Well… eh. The thing to keep in mind is it’s all very complicated. Even if there was a direct link between sift drink consumption and pancreatic cancer, your chances of developing the cancer, even as a soda drinker, would still be very small. But, the thing is, there isn’t necessarily a direct link between the two; there’s an association here, but maybe not a causal link. That is, people who drink soda are more likely to get pancreatic cancer, but we don’t know it’s the soda that causes the cancer.
Soft drink consumption itself was associated with behavior like smoking and red meat consumption, so it’s difficult to say that it’s just the soft-drinking (as it were) that contributes to the increased cancer risk.

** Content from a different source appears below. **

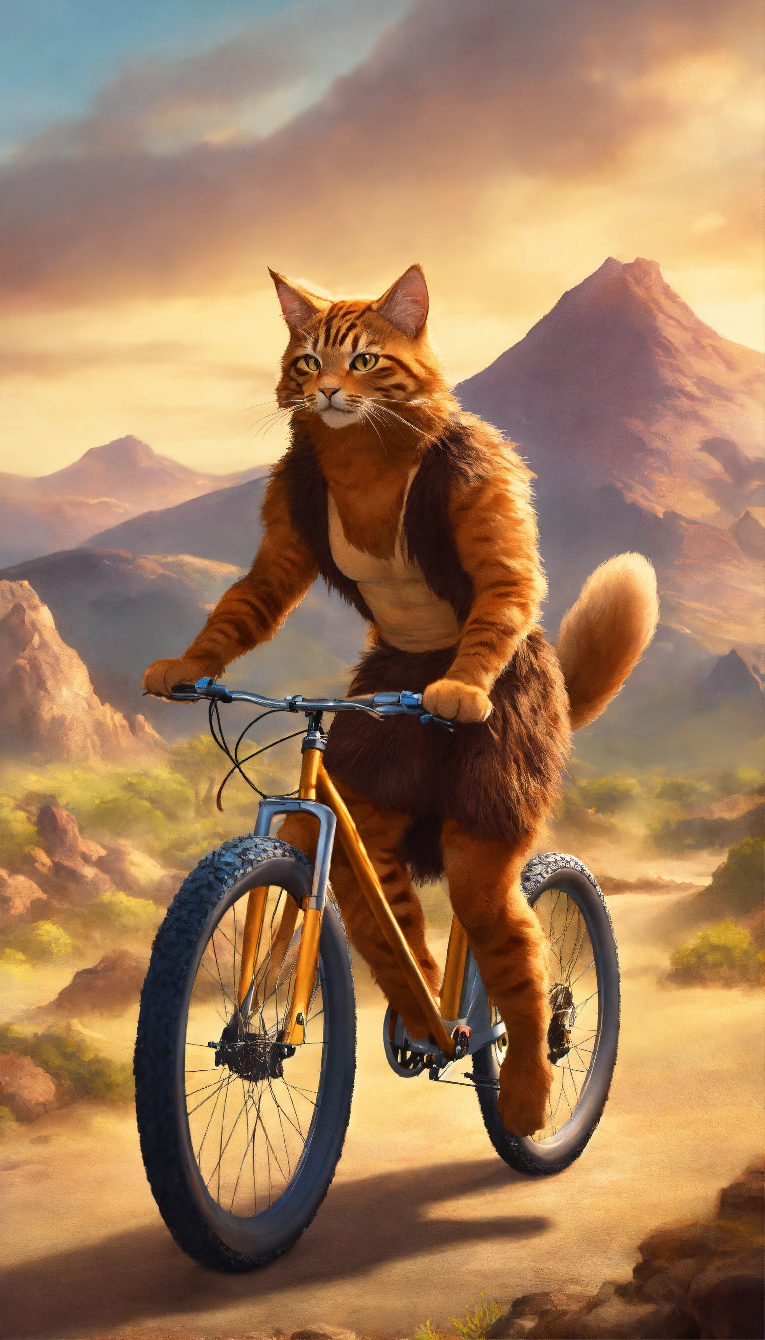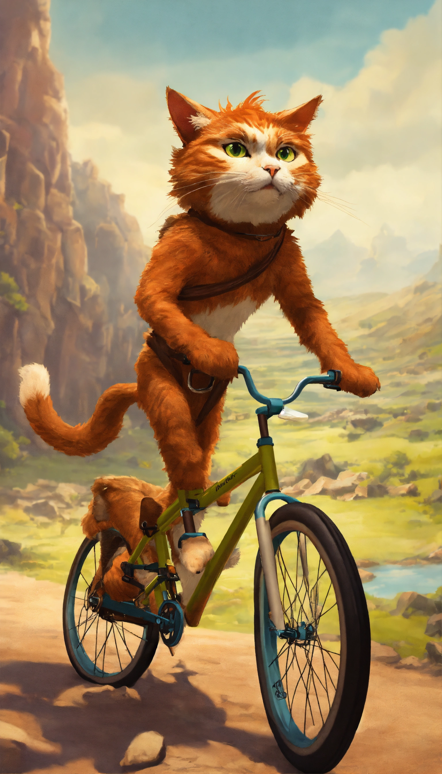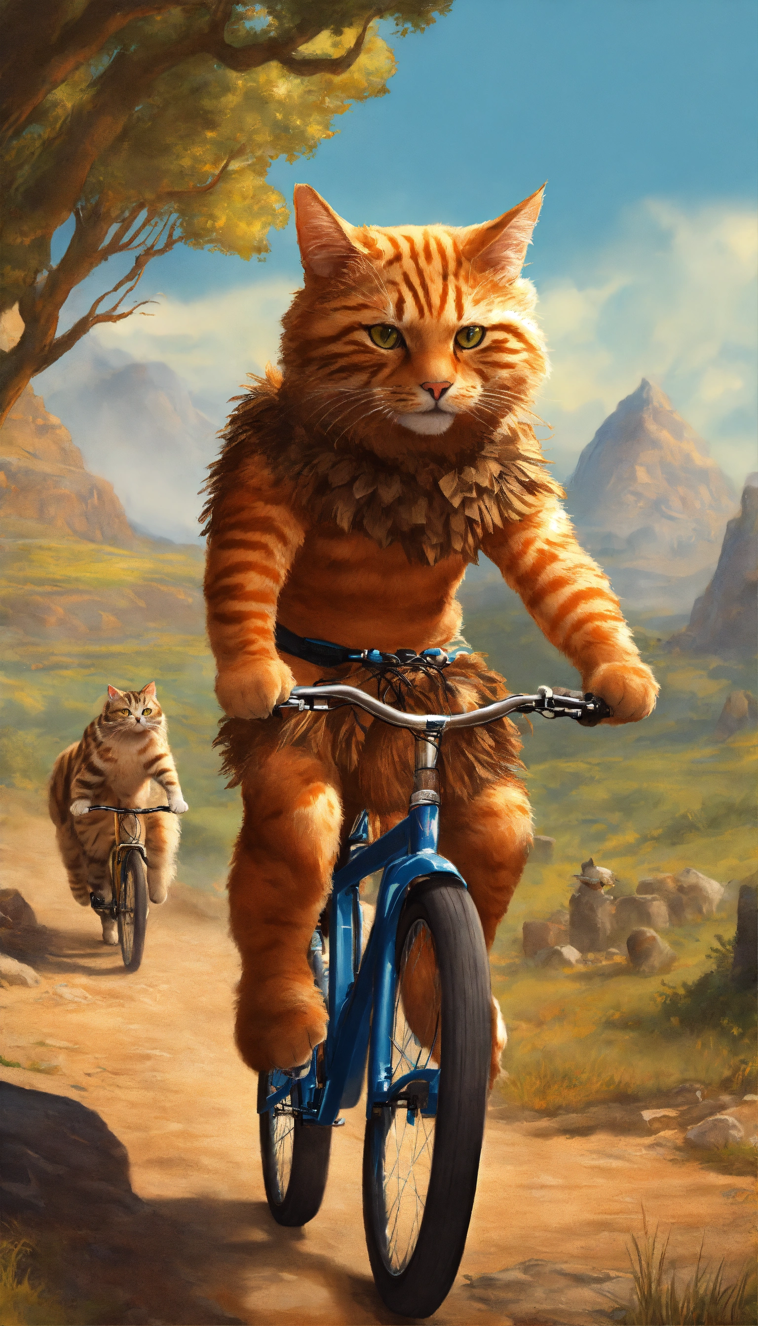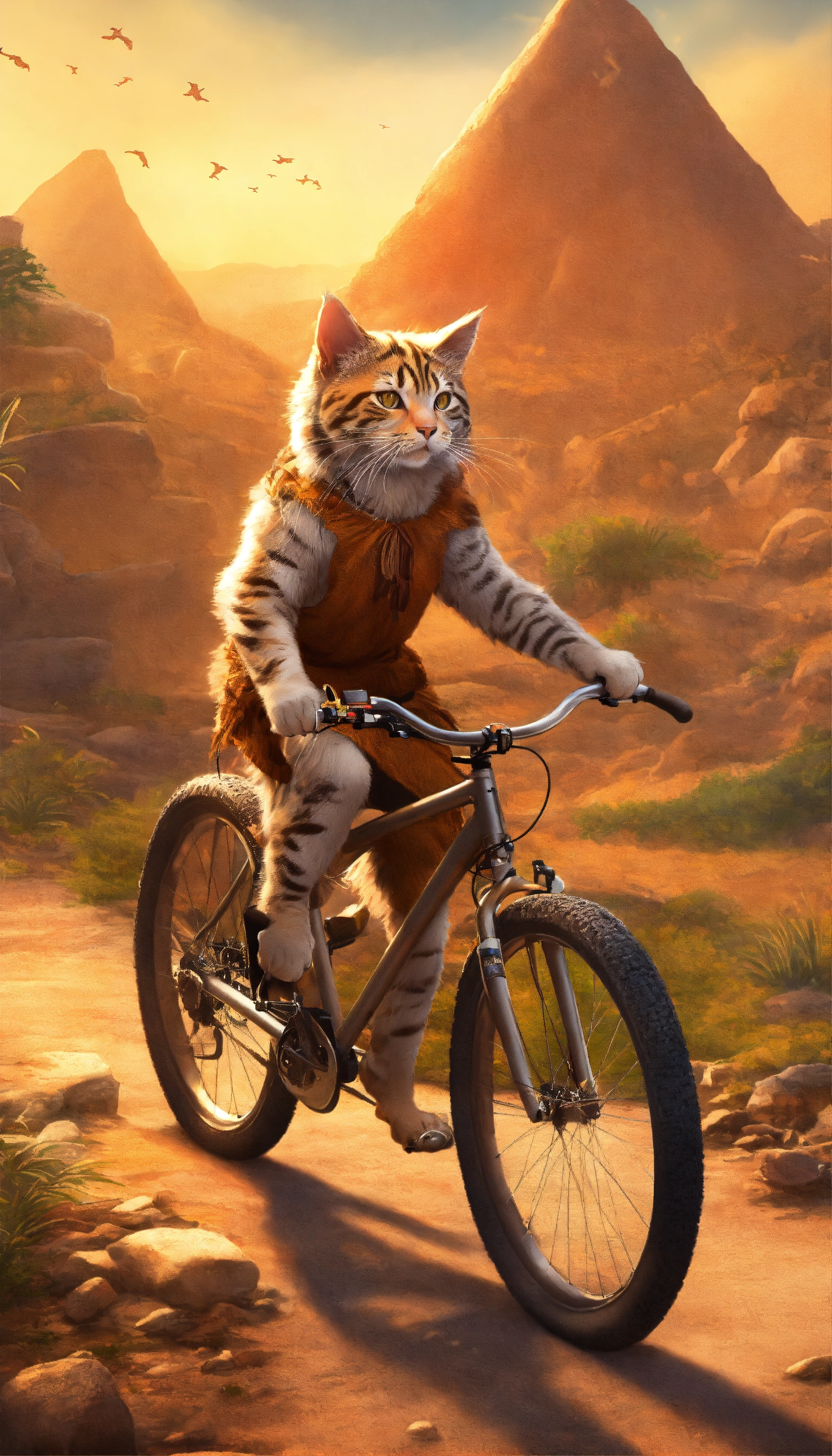 Design an image of a cat biking through a prehistoric landscape wearing a caveman costume, complete with a bone in its fur and a loincloth.

Researchers do think, however, that it’s possible that soda could be involved in a causal relationship with the cancer. The high sugar levels in soda probably contribute to increased insulin production and presence in the body, which may contribute to pancreatic cancer cell growth. The study also found, however, that there was no association between fruit juice consumption and pancreatic cancer, which sort of makes me wonder. Lots of fruit juice, after all, is very sugary (even if it’s not quite so sweet as most soda). So does it have something to do with the type of sweetener used? Most soda in this country is sweetened with corn syrup, but that’s not necessarily the case in other countries (see Coca Cola for an example), and there’s some debate as to how the body might react to different sweeteners.
Anyway, you aren’t completely taking your life in your hands if you finish that can of Fresca. (Fresca was probably a bad example, seeing as how it uses artificial sweeteners, and will probably give you a totally different kind of cancer.) You’re better off just taking the dip out of your mouth. It’s gross with Fresca anyhow.